* Working data:
········

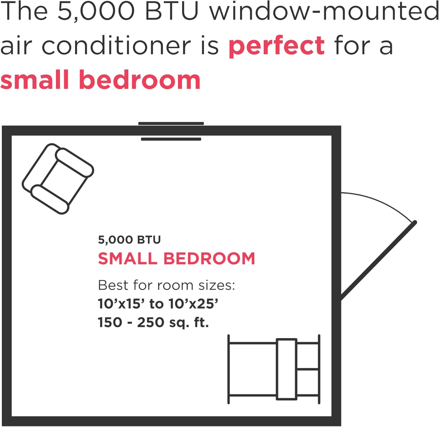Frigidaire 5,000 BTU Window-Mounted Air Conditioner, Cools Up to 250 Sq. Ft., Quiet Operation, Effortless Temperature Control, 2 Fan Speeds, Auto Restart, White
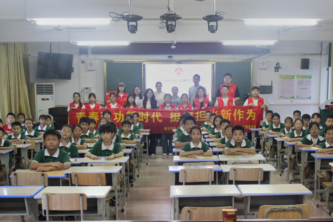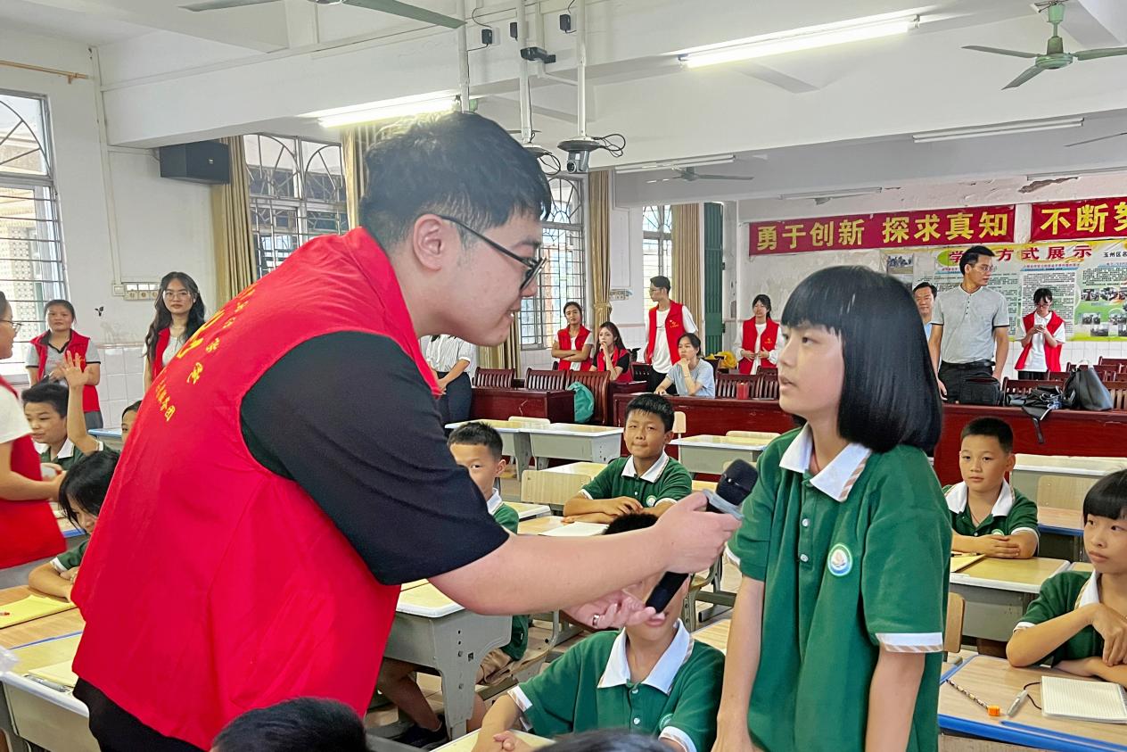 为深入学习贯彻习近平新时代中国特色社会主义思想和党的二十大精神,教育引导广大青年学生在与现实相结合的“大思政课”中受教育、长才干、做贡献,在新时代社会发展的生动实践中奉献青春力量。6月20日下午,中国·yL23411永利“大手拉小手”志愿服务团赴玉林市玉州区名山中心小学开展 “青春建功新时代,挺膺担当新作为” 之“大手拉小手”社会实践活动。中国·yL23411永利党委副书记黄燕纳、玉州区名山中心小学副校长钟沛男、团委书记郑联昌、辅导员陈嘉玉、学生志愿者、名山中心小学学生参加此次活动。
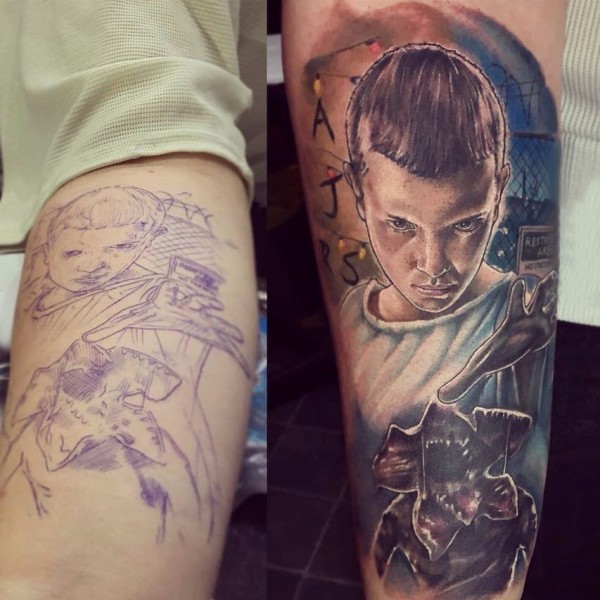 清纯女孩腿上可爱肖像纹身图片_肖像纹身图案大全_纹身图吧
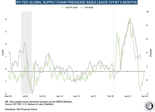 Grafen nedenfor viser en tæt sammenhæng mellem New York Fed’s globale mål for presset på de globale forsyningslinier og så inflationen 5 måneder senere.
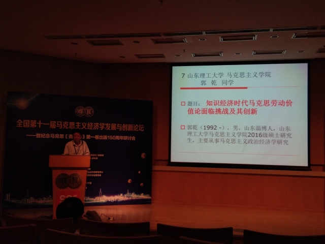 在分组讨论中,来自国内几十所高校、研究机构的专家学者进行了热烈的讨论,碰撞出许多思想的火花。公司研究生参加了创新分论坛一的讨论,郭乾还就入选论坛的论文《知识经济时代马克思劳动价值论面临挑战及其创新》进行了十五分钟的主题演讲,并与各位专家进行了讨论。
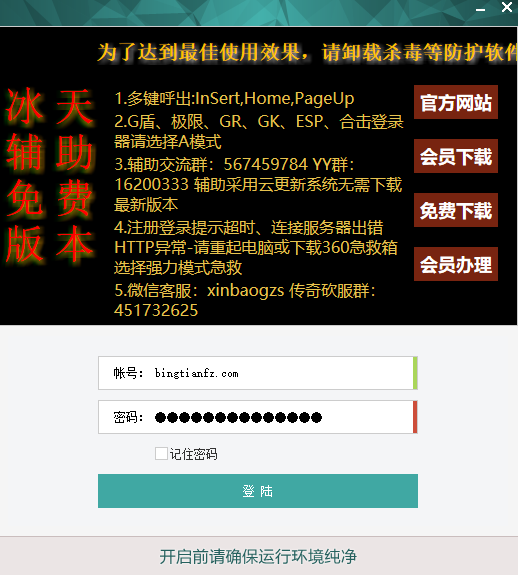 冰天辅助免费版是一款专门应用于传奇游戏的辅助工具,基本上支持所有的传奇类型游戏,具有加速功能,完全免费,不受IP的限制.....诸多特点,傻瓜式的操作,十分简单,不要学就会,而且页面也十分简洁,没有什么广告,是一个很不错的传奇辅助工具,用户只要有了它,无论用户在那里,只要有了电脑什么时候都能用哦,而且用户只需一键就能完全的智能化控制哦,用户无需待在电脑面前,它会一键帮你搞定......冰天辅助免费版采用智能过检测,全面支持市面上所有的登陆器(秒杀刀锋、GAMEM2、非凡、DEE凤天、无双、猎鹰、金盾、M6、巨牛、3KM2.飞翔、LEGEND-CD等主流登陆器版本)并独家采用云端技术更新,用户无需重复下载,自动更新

········

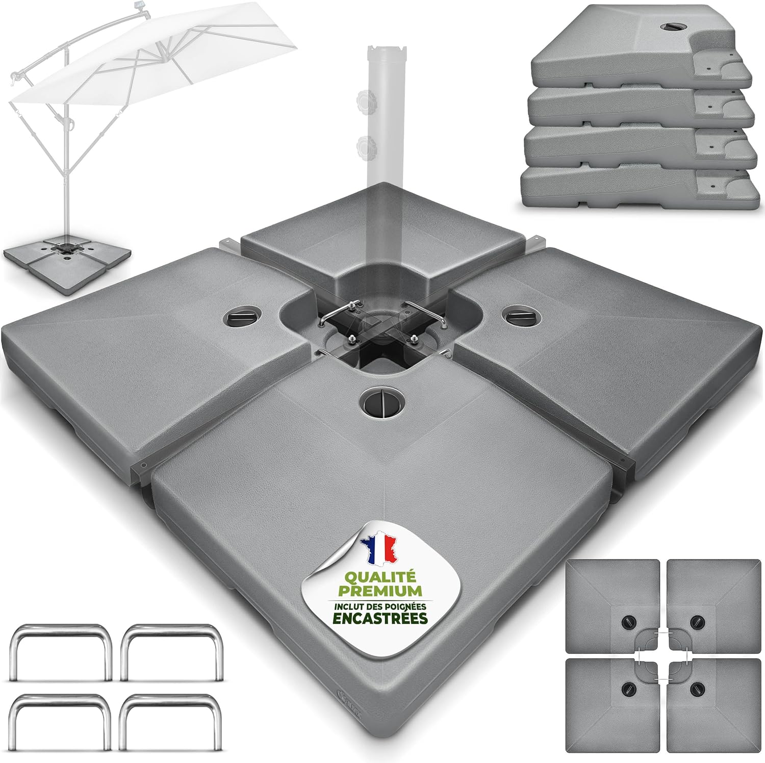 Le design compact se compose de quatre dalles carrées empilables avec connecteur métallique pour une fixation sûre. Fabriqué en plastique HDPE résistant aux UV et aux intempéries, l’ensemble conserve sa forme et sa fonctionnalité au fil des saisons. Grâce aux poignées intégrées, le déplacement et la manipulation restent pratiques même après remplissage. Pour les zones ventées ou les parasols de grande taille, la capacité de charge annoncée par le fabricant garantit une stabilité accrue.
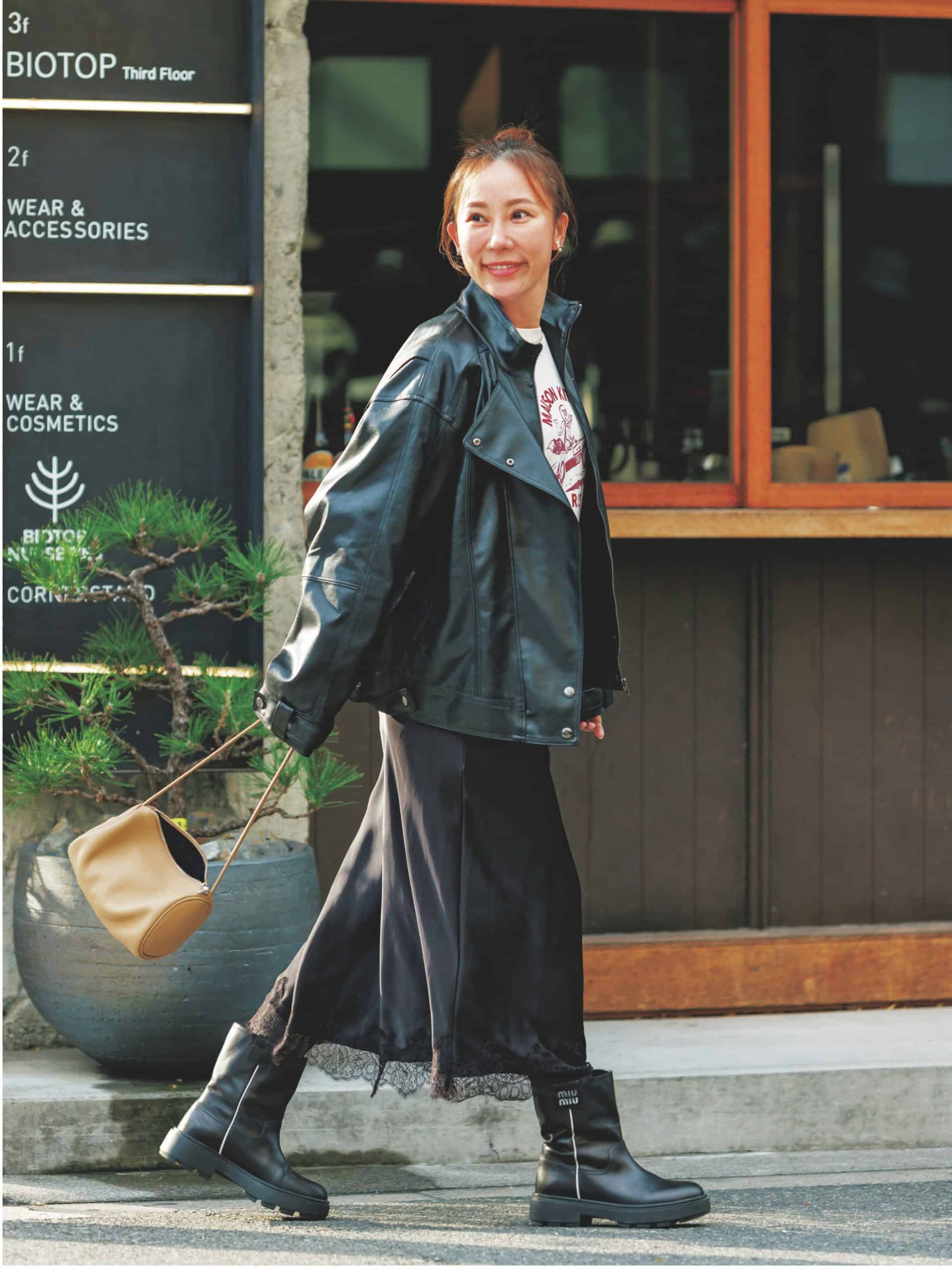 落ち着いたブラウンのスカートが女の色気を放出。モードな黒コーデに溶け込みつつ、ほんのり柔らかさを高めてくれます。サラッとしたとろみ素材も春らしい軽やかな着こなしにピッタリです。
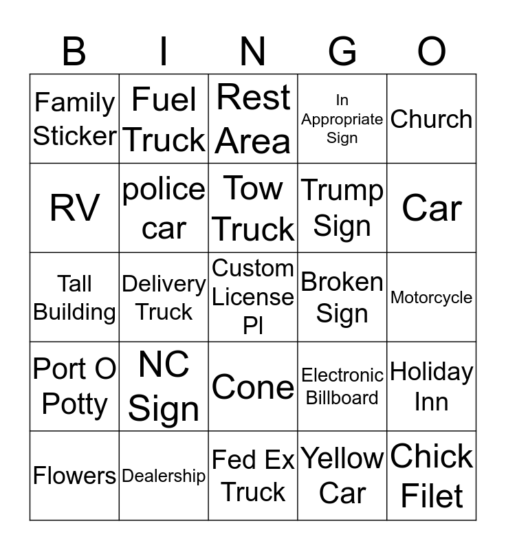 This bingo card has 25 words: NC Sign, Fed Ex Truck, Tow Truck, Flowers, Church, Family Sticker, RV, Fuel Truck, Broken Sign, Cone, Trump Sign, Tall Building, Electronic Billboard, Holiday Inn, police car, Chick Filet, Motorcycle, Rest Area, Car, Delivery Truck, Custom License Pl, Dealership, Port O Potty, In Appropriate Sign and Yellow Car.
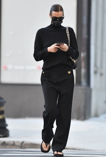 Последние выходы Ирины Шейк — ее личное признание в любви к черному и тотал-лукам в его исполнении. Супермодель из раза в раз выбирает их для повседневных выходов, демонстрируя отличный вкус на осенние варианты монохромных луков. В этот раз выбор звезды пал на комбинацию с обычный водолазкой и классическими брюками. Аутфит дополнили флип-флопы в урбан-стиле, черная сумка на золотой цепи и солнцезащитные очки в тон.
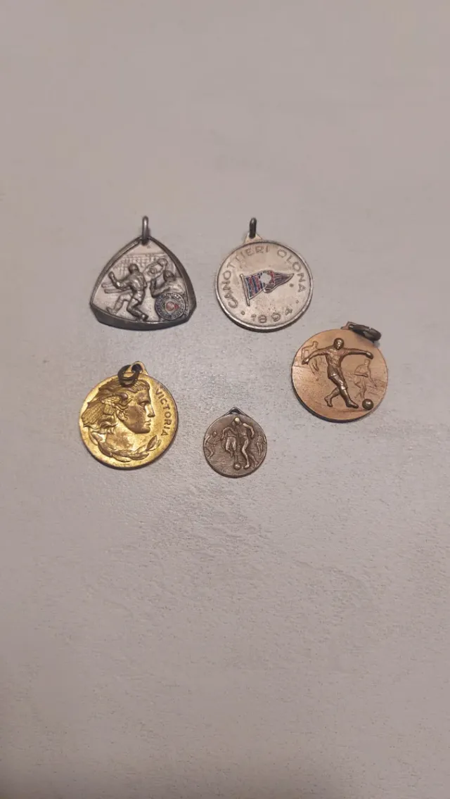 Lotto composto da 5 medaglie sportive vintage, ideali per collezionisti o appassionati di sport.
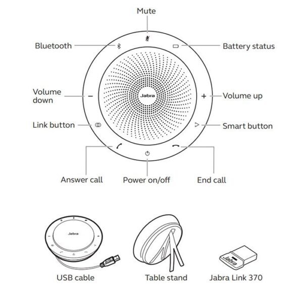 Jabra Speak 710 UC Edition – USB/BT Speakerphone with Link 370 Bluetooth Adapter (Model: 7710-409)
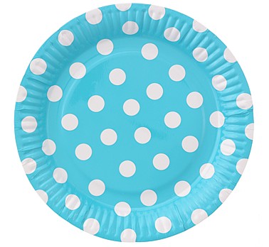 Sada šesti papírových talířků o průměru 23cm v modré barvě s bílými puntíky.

········

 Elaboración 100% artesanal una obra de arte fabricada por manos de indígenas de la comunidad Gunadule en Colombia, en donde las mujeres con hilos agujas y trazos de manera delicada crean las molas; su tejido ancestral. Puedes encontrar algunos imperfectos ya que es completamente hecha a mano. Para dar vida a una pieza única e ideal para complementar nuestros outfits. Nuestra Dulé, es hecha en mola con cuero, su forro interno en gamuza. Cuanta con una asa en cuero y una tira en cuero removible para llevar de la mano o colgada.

········

* Work item:
Range to print from the listing above: from the line with "在分组讨论中,来自国内几十所" up to and including the line with "冰天辅助免费版是一款专门应用". Please print those lines exactly, with no pictures and nothing more.

* Solution to the problem:
 在分组讨论中,来自国内几十所高校、研究机构的专家学者进行了热烈的讨论,碰撞出许多思想的火花。公司研究生参加了创新分论坛一的讨论,郭乾还就入选论坛的论文《知识经济时代马克思劳动价值论面临挑战及其创新》进行了十五分钟的主题演讲,并与各位专家进行了讨论。
 冰天辅助免费版是一款专门应用于传奇游戏的辅助工具,基本上支持所有的传奇类型游戏,具有加速功能,完全免费,不受IP的限制.....诸多特点,傻瓜式的操作,十分简单,不要学就会,而且页面也十分简洁,没有什么广告,是一个很不错的传奇辅助工具,用户只要有了它,无论用户在那里,只要有了电脑什么时候都能用哦,而且用户只需一键就能完全的智能化控制哦,用户无需待在电脑面前,它会一键帮你搞定......冰天辅助免费版采用智能过检测,全面支持市面上所有的登陆器(秒杀刀锋、GAMEM2、非凡、DEE凤天、无双、猎鹰、金盾、M6、巨牛、3KM2.飞翔、LEGEND-CD等主流登陆器版本)并独家采用云端技术更新,用户无需重复下载,自动更新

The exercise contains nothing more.